The industry’s quest for higher margins and a step change in productivity will only be met by adopting the customer focus of the High Street, Costain’s chief executive Andrew Wyllie told Talk Construction delegates yesterday.
Wyllie said that Costain’s recent success story was based on giving clients what they didn’t know they wanted – just as Apple has in consumer electronics – and offering repeat clients an “upgrade” every year.
He said: “Our industry has a massive opportunity to offer customers what they want to pay for, and adding new attributes to the product – that’s what customers buy [as retail consumers and construction clients].
“We don’t want to do what 10 other people can do, because that means we’ve only got a one in 10 chance of winning the project.”
Costain had also moved away from selling construction as a “commodity” – because that depresses prices and margins – and towards offering a premium product, said Wyllie. His analogy was TV sets sold by John Lewis, ranging from a £149 low-margin commodity product to a £1,700 fully internet-enabled set.
Andrew Wyllie: “Industry has a massive opportunity”
Wyllie said Costain was now an “engineering services provider” selling solutions to the utility and transport sectors. It only worked with 40-50 clients, compared to 200 in the recent past, allowing managers to develop relationships with them.
Costain’s order book rose by 25% in 2013, and last week its share price reached a four-year high, attracting more investment into the business.
Wyllie’s address responded to the underlying agenda at Talk Consruction: how to deliver a transformation in productivity and a step change in margins that also gives the industry a chance of meeting the objectives of the Industrial Strategy for Construction 2025. See our related story here.
Opening speaker Paul Drechsler, outgoing chief executive of Wates, set the scene by challenging the industry on its low margin levels.
“How does 1-2% net margins reflect the value contribution of an industry project manager? Ultimately, the profit margin of a business… is a measure of the value placed on your service by the market… That 1-2% average also means many projects have failed to perform and resulted in over-expenditure.”

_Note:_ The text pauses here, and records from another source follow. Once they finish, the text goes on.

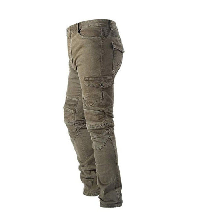 D-Ride Moto Army Green CE-Approved Breathable Quick-Dry Protective Biker Jeans for Motorcycling Detachable Knee Hip Pads All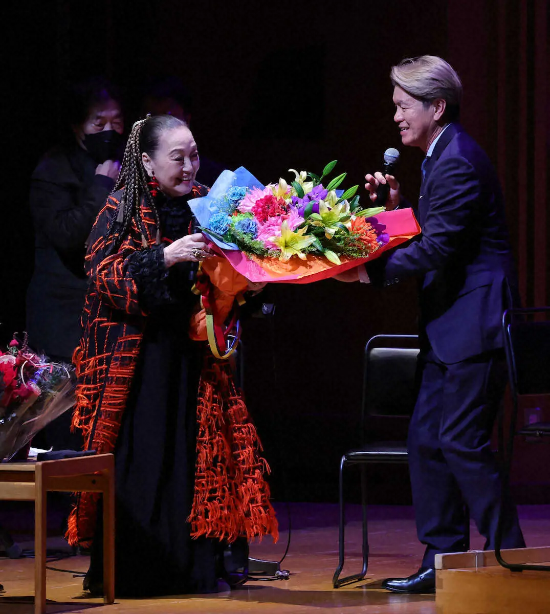 <湯川れい子87th Birthdayフィルハーモニー音楽会>公演中に松本伊代に電話する(右から)ヒロミ、湯川れい子、徳光和夫(撮影・光山 貴大) Photo by スポニチ 松本伊代 湯川れい子氏バースデーコンサートに電話出演「声は元気です」… ギャラリーで見る この記事のフォト 2023年01月19日の画像一覧 もっと見る 2023年01月19日の画像をもっと見る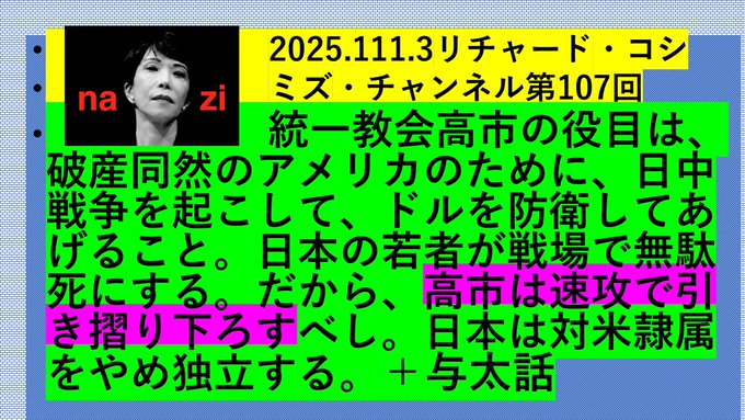 「統一教会高市の役目は、破産同然のアメリカのために、日中戦争を起こして、ドルを防衛してあげること。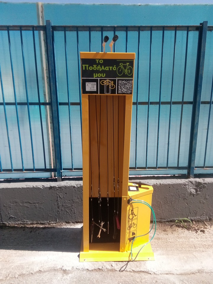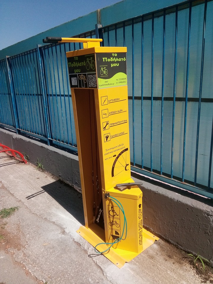Παρόλο που κλάπηκαν τα εργαλεία και βανδαλίστηκε, εμείς συνεχίζουμε να πιστεύουμε ότι, ένας τέτοιος σταθμός επισκευής, είναι απαραίτητος για μια πόλη όπου κυκλοφορούν τόσα πολλά ποδήλατα. Από σήμερα (σ.σ. Πέμπτη 4 Ιουλίου 2019) βρίσκεται στο δημοτικό κολυμβητήριο.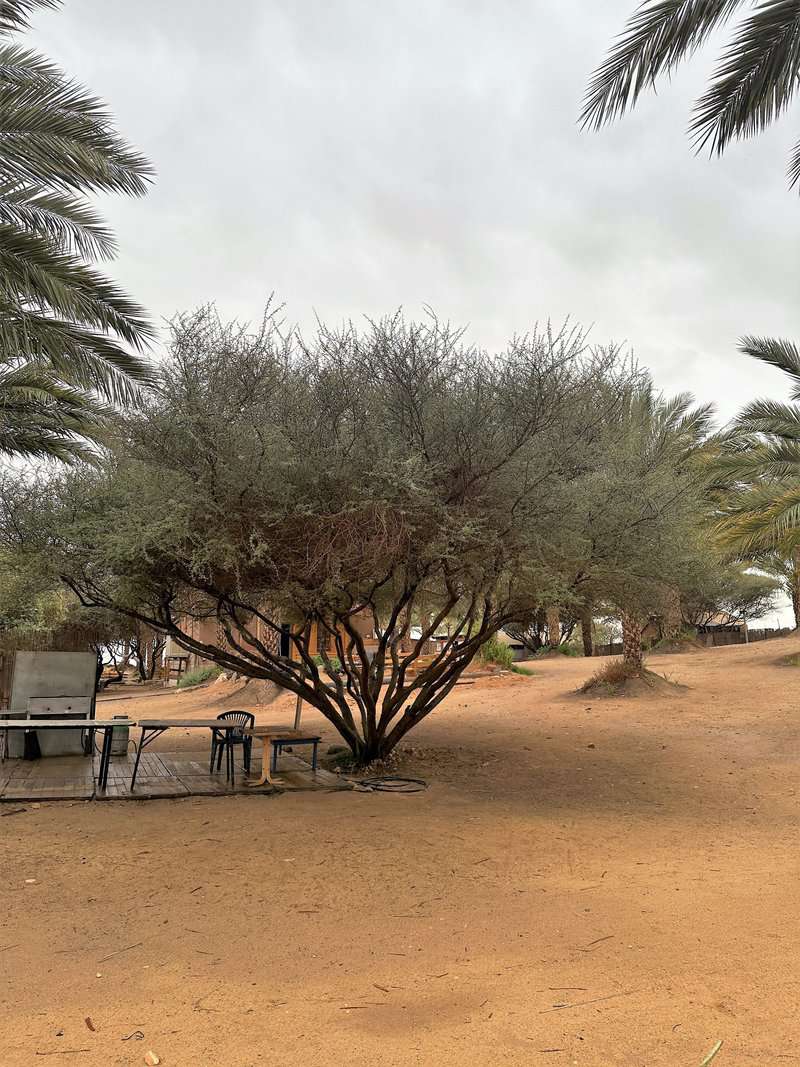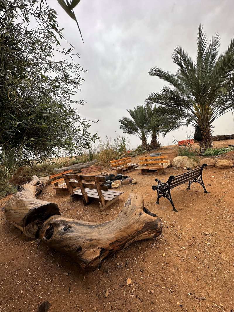 אחרי שתיית התה הערבתי שהוא כמעט וכופה עלי ללגום, אנחנו מסתובבים במקום. גשם שהחל לרדת במקום הופך את האדמה לבוצית מעט. המפגש בין המים לצמחייה ולקרקע החולית נוסך באוויר תחושה של הפתעה וריח אחר, מרענן. בקצה החאן אני מתוודע לפינת ישיבה מקסימה; גזעים, ספסלי עץ, ואפר של מדורה הכלואה בין אבנים וחלוקי נחל. משהו שמזכיר אש-מדורה ופינג'אן מימים של פעם. תעשו עם המראה הזה מה שאתם רוצים.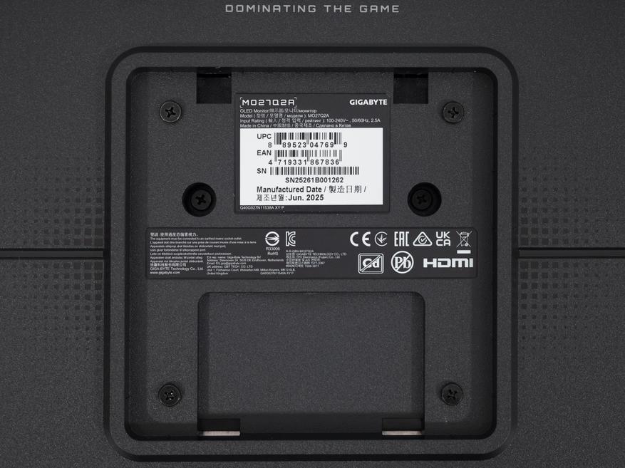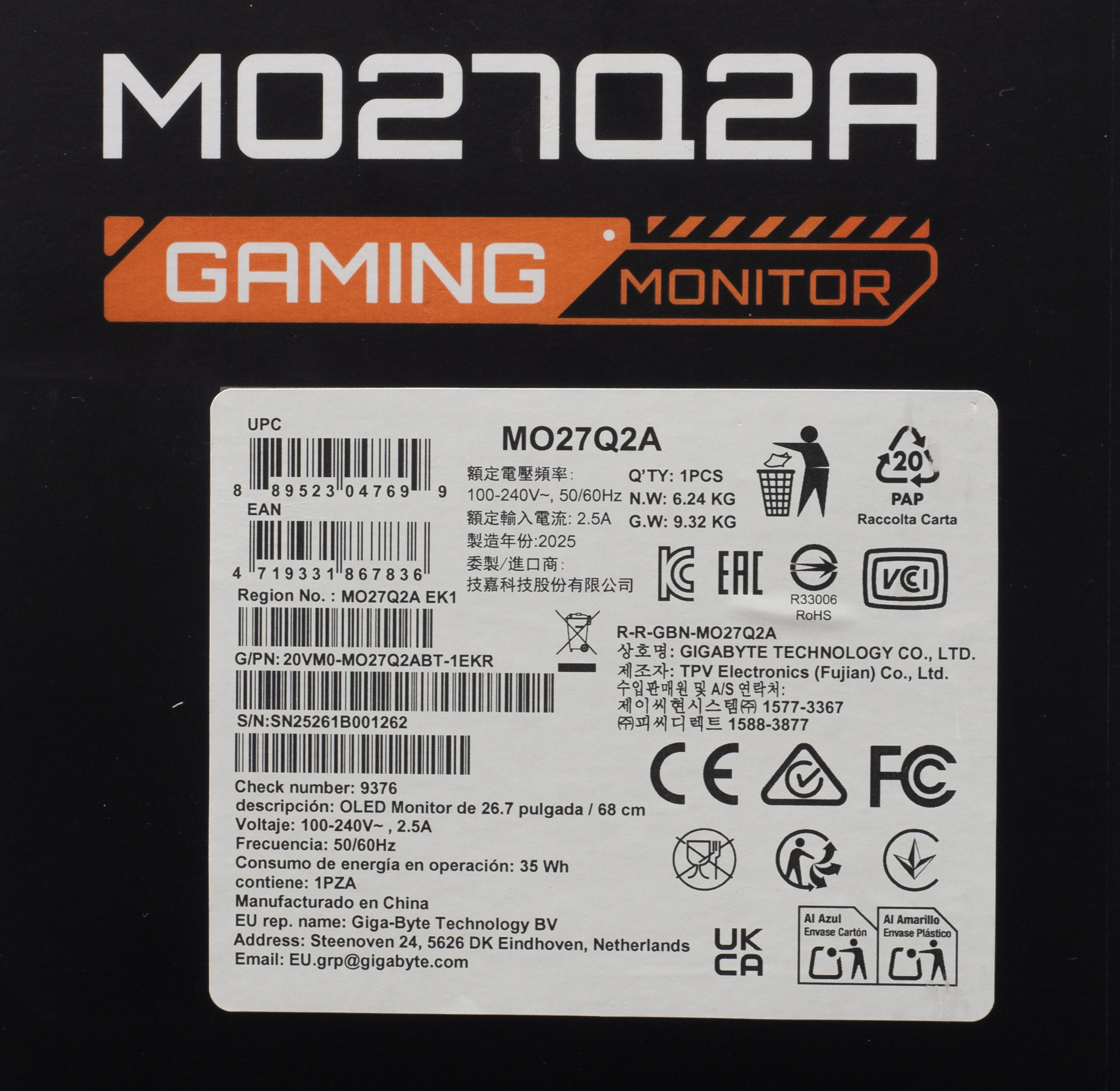 MO27Q2A упакован в красочно оформленную коробку средних габаритов. На одной из заводских наклеек собрана основная техническая информация об устройстве. Производится модель на фабрике в Китае. Конкретный экземпляр, который оказался у меня на тесте, выпущен на мощностях TPV Electronics (Fujian), выступающей подрядчиком бренда, в июне 2025 года.

"Common to all three reports is the need for more collaboration, culture and operation changes, and a focus on the customer. But few industries can have had so much written about them with so little progress to report."
Paul Drechsler
Drechsler reminded delegates of the small mountain of reports produced on the need for more collaboration and supply chain integration in the industry, recently including Andrew Wolstenholme’s Never Waste a Good Crisis, the Government Construction Strategy 2011 and the Industrial Strategy 2013.
“Common to all three is the need for more collaboration, culture and operation changes, and a focus on the customer. But few industries can have had so much written about them with so little progress to report.”
But Drechsler also emphasised that the objectives set by the Industrial Strategy – 33% reduction in capital and whole life costs compared to 2009/10, 50% faster delivery from project inception to completion and a 50% increase in exports – were not the responsibility of contractors alone.
“We talk about the construction industry as though it’s about contractors – but they’re not the totality of making inroads into 2025, we have to do quality collaboration to deliver great solutions. But there just isn’t an acceptance that it requires that level of change, and that the change required is right across the value chain.”
In response to a question from Reading University’s Professor Will Hughes, Drechsler noted: “We have become too comfortable with the established models, even if we’re dissatisfied with them.”